## Exercise requirements
Only the lines below from the one with "La Silla Wind" through the one with "ИБП HIPER CITY-850U CITY-850U" are to be written out, exactly and without any images.

## Dataset records
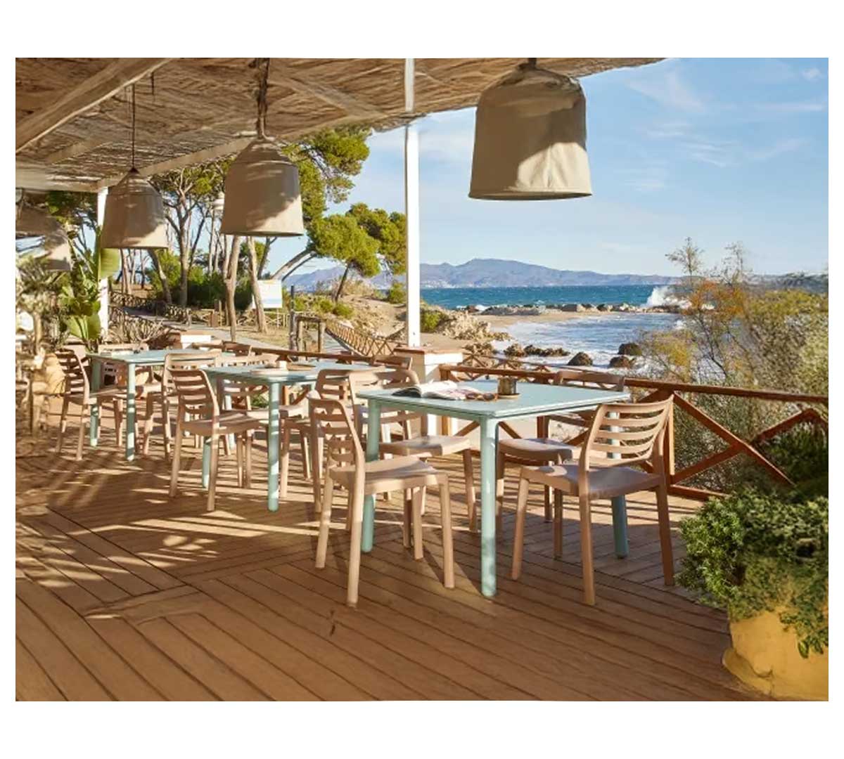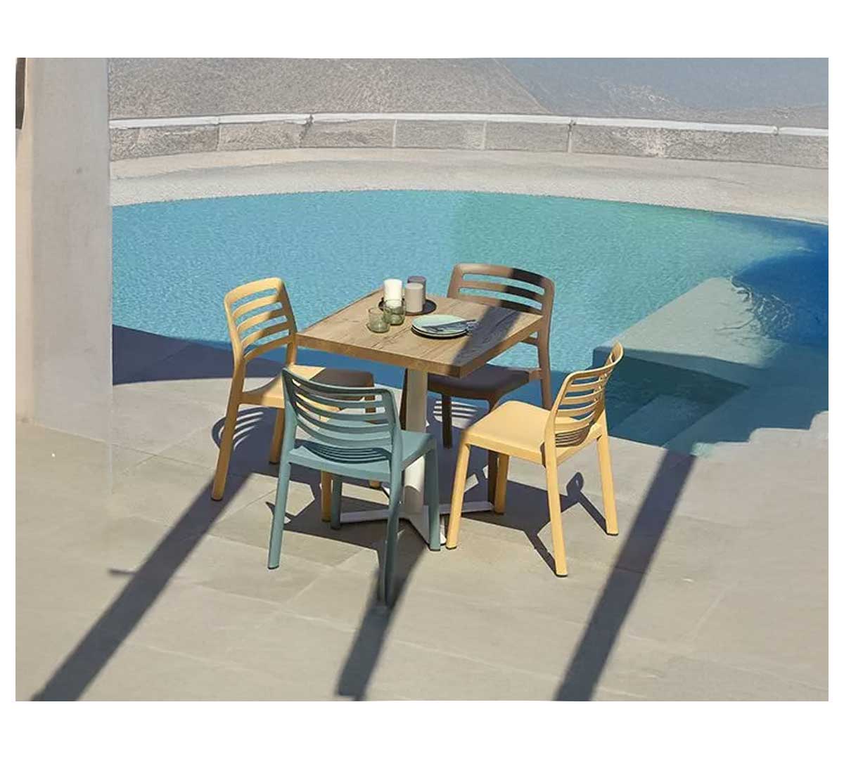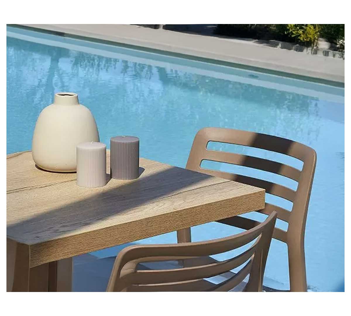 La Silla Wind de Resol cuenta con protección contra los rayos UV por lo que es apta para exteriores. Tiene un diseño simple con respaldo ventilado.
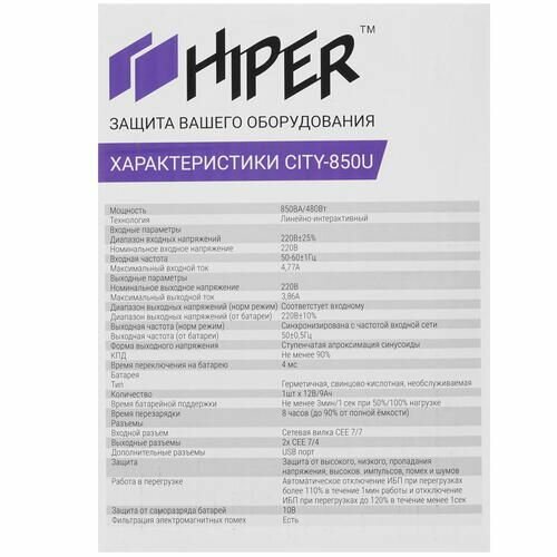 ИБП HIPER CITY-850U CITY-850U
* * *
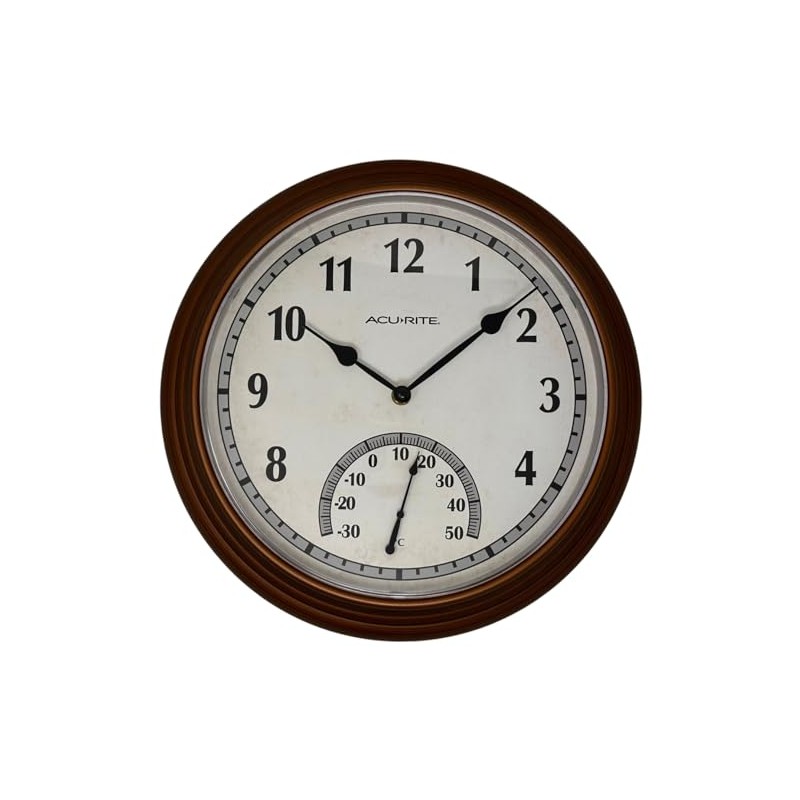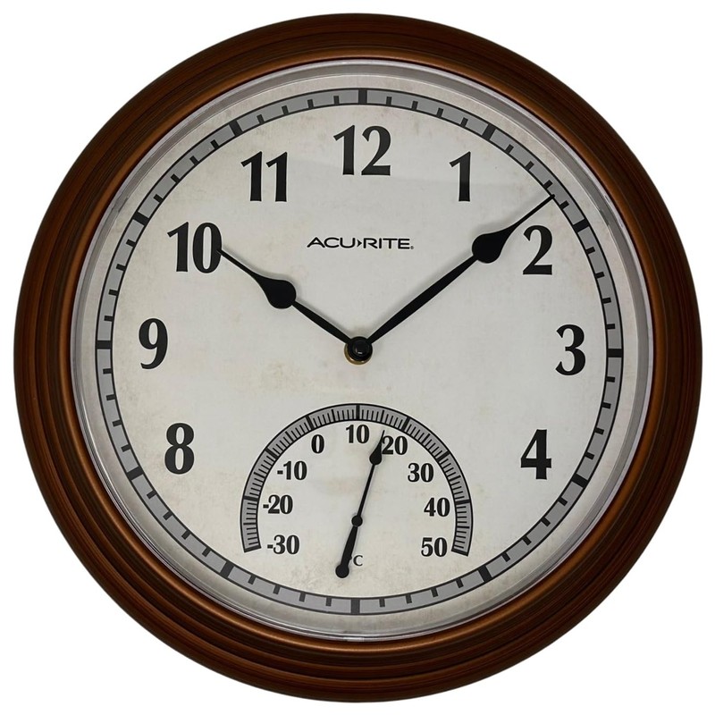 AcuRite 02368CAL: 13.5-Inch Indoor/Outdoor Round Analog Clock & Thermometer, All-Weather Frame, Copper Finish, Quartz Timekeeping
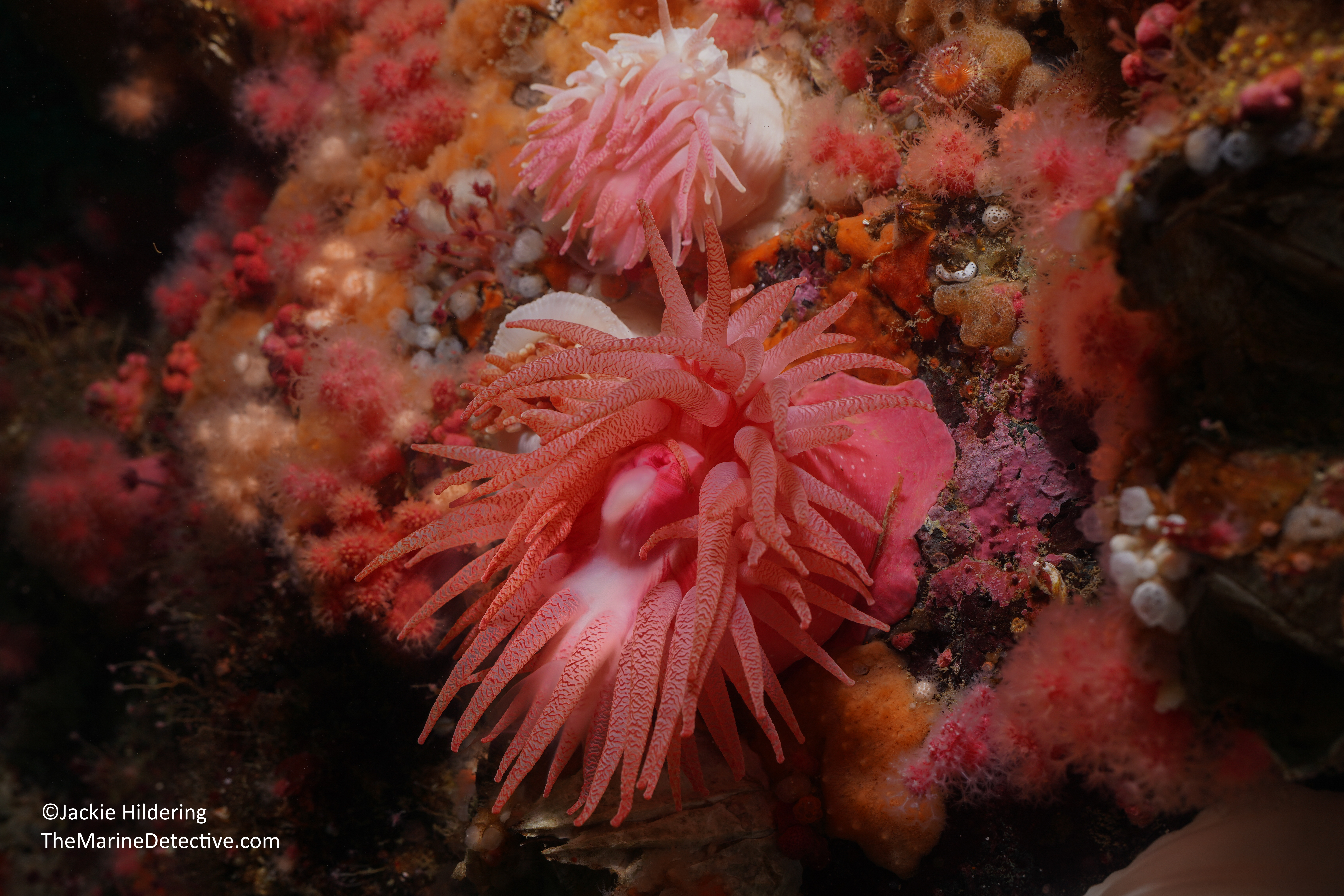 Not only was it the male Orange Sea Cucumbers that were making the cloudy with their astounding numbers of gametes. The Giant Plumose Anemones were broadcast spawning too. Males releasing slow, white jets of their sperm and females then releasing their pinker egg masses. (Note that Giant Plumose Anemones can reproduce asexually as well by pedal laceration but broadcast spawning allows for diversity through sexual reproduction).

## Reply to the exercise
 La Silla Wind de Resol cuenta con protección contra los rayos UV por lo que es apta para exteriores. Tiene un diseño simple con respaldo ventilado.
 ИБП HIPER CITY-850U CITY-850U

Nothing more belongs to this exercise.